Creditors petitioning for bankruptcy must carefully consider offers to settle debts and make a reasonable decision based on the circumstances.
A bankrupt sought permission to appeal his bankruptcy order on the basis that the Deputy District Judge incorrectly held that the petitioning creditor did not act unreasonably in rejecting the bankrupt’s offer to compound the debt and, therefore, ought to have dismissed the petition pursuant to Section 271(3) of the Insolvency Act 1986.
- For the rejection of an offer to be held unreasonable by the Court, it must be shown by the debtor that no reasonable hypothetical creditor would have rejected their offer. It is an objective test. The Court will consider all relevant factors and the reasonable hypothetical creditor is not obliged to show patience.
- On the facts, the petitioning creditor did not act unreasonably.

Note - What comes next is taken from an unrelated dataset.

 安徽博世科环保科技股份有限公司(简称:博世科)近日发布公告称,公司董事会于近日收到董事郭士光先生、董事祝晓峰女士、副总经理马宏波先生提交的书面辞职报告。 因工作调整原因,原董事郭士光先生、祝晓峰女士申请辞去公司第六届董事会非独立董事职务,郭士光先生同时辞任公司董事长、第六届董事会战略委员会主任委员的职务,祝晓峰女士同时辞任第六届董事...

The bankrupt’s offer to compound the debt extended to less than a quarter of his liability, it was not for a cash sum but a half-share in the equity of a shared home (which would be problematic to realise) and the petitioning creditor could show that it had not rejected the offer due to internal policy.

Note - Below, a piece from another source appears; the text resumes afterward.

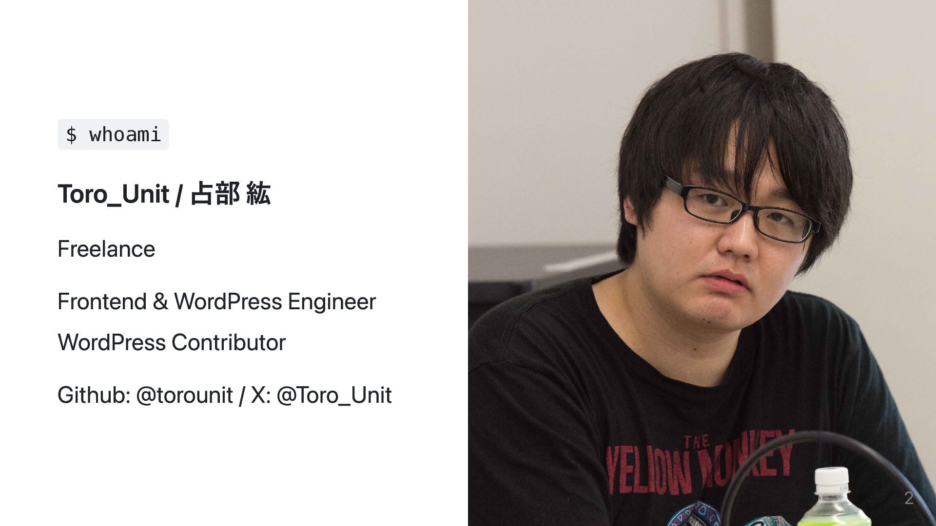 Engineer WordPress Contributor Github: @torounit / X: @Toro_Unit 2

The decision highlights the importance of petitioning creditors considering offers to settle debts carefully. Petitioning creditors should be able to show that they have considered the relevant offer and, in rejecting it, have made a reasonable decision based on the circumstances. Rejections based on (for example) internal policy, unsupported by specific factors, will not be looked on favourably by the Courts.